Renaissance Girl said...

I hear you, John. I've always felt like I got passed by on the musical talent front. I mean, I can get by on a number of instruments, especially if there are a LOT of other people playing, but I've never been able to get my hands to do what I hear in my head. You should totally take lessons in something: and when you get burnt out, just imagine the babe-hordes and fire yourself back up.

Anonymous said...

So I do have musical ability, but it's pretty mediocre. I actually can play the harmonica, and saxophone pretty well, and I've heard that one of those is desirable. Although, I didn't pick those up for the purpose of becoming babe-worthy. I also play electric bass a bit, which is the "ugly friend" of the rock band world. Unless of course you are Sting. I've been told I have a nice singing voice, but it's not anything that's going to create a rain of underwear on a stage.

It's like I can see the light at the end of the tunnel, but I'm not sure if it's the proverbial wall of groupies with their lighters and cell phones, or a train.

So what's worse, no musical ability or mediocre musical ability?

John said...

brian, don't forget Flea (Red Hot Chilli Peppers) as a killer bass player. i bet he gets his share of babe-age.
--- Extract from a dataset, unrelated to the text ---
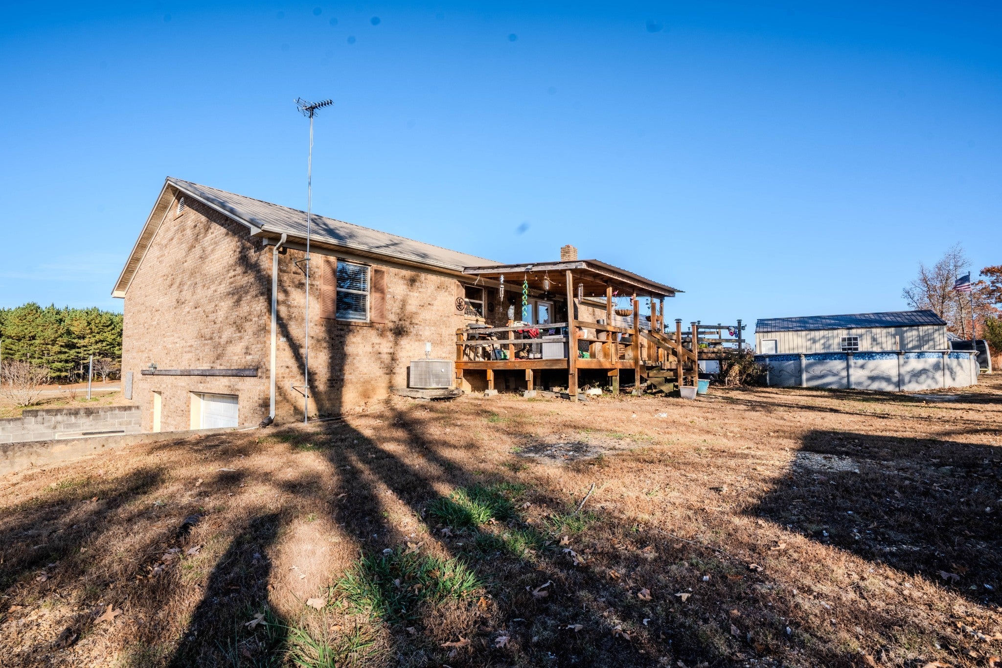 Charming 5-Acre Tennessee Country Home with Walk-Out Basement! Nestled back from the road for ultimate privacy, this charming brick ranch-style home is located at 190 Buford Moore Lane, Iron City, TN—just 8 miles from Collinwood, TN and a short 30-minute drive to Florence, AL. Enjoy peaceful country living with all the comforts of modern amenities in this warm and inviting property. Main Level (1,521 sq ft): • Open-concept living, kitchen, and dining area perfect for family gatherings and entertaining • Kitchen equipped with double-oven stove, microwave with vent, dishwasher, and refrigerator • 3 bedrooms and 2 full bathrooms • Utility room with convenient access Walk-Out Basement (1,215 sq ft): • Semi-finished space offering endless possibilities • Dedicated office and hobby room • Spacious recreation/game room or the ideal man cave • Built-in 1-car garage and ample storage area Outdoor Features: • 5 level-to-rolling acres with fruit trees, garden space, and wide-open grounds for pets and kids to explore • Large covered back deck overlooking a sparkling 24 ft above-ground pool—perfect for relaxing or entertaining • 20×30 detached garage/shop—ideal for woodworking, projects, or storage • Chicken shed ready for your backyard flock • Peaceful and picturesque surroundings in a safe, rural setting Additional Features: • Metal roof for durability • Central heat and air for year-round comfort • City water and private septic system This property offers the best of country living with modern convenience—room to grow, play, and unwind. It’s the perfect retreat to call home!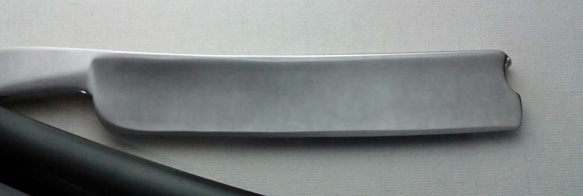 Видимо, бритва от интернациональной (Англия-Германия) фирмы типа KROPP. Ручка из целлулоида, в хорошем состоянии. На полотне имеются "следы времени". Возле обушка канавка неизвестного происхождения. Скорее всего - так называемый "заковыш", образовавшийся при изготовлении металлической заготовки. В любом случае, функциональность бритвы никак не затрагивает. Заточена и полностью готова к бритью. Ширина полотна 16 мм, толщина в обушке 4 мм.

as far as whether mediocre talent is better than no talent at all? 'tis better to have loved and lost then never to have loved at all!

holding up a cell phone just isn't the same as a lighter, is it?!!

The Smoking Monkey from Stuckeys said...

Your lack of musical ability is directly attributable to your having offended the music gods in high schoool by repeatedly referring to those who didn't puss-out after 6th grade as "bad fags."

Band dudes, like me and Russ, used to score tons of hot babes at summer band camp. Like, you know, Hollie and others like her. Never saw any flute players use it as a sort of insertion, however, ala American Pie.

Come to think of it, in that same "American Pie" vein, you, Jonno, are a band-fag, but just never had the talent to stay in the band.

Dr. Kenneth Noisewater said...

I'm a frustrated rock star too. I can air guitar like a mofo, but my real guitar playing is sucky. I can strum away, but I can't change from one chord to the next. Frustrating . . .

Curly Glamour Girlie said...

Don't you fret. I'm a (pseudo) professional musician (hey, I get paid for it - the IRS sees me as such) and I still rue that I:

a) Didn't major in music in college
b) Never took piano
c) Didn't practice more as a kid

So, even those of us who do have "talent" still have musical regrets.